We rewrote our Rust WASM parser in TypeScript and it got faster

137 points • by zahlekhan • yesterday at 9:48 PM • 77 comments • view on HN

Comments

Something not unlike this happened to me when moving some batch processing code from C++ to Python 1.4 (this was 1997). The batch started finishing about 10x faster. We refused to believe it at first and started looking to make sure the work was actually being done. It was.

The port had been done in a weekend just to see if we could use Python in production. The C++ code had taken a few months to write. The port was pretty direct, function for function. It was even line for line where language and library differences didn't offer an easier way.

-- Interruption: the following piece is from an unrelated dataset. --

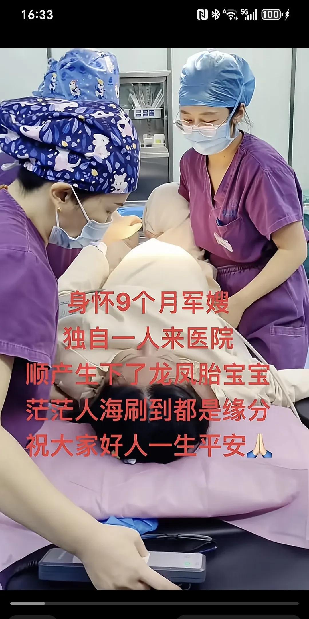 怀孕九个月的军嫂,独自一人来医院,顺产生下了龙凤胎宝宝,茫茫人海刷到都是缘分,祝全家好人一生平安。 军嫂确实不容易,很多军嫂怀娃生娃老公不在身边的,那种痛没老公陪伴的心情难表,给坚强独立自信的女孩。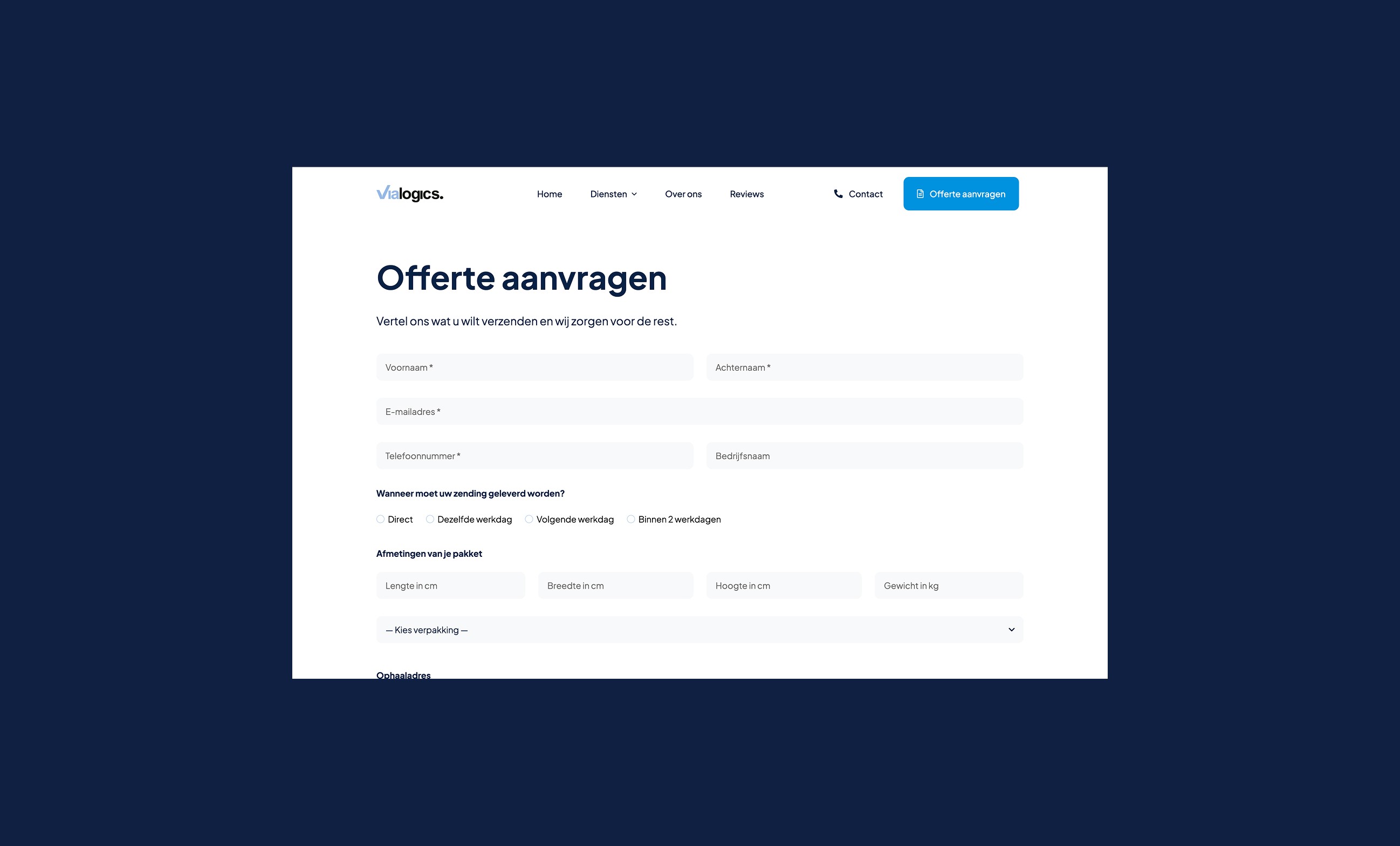De gebruiker ziet in een oogopslag wat Vialogics is en doet. Daarbij is het heel eenvoudig om een offerte aan te vragen, geheel passend bij de wens van de klant.

A couple of us worked together for a day to find the reason for the speedup. Just looking at the code didn't give us any clues, so we started profiling both versions. We found out that the port had accidentally fixed a previously unknown bug in some code that built and compared cache keys. After identifying the small misbehaving function, we had to study the C++ code pretty hard to even understand what the problem was. I don't remember the exact nature of the bug, but I do remember thinking that particular type of bug would be hard to express in Python, and that's exactly why it was accidentally fixed.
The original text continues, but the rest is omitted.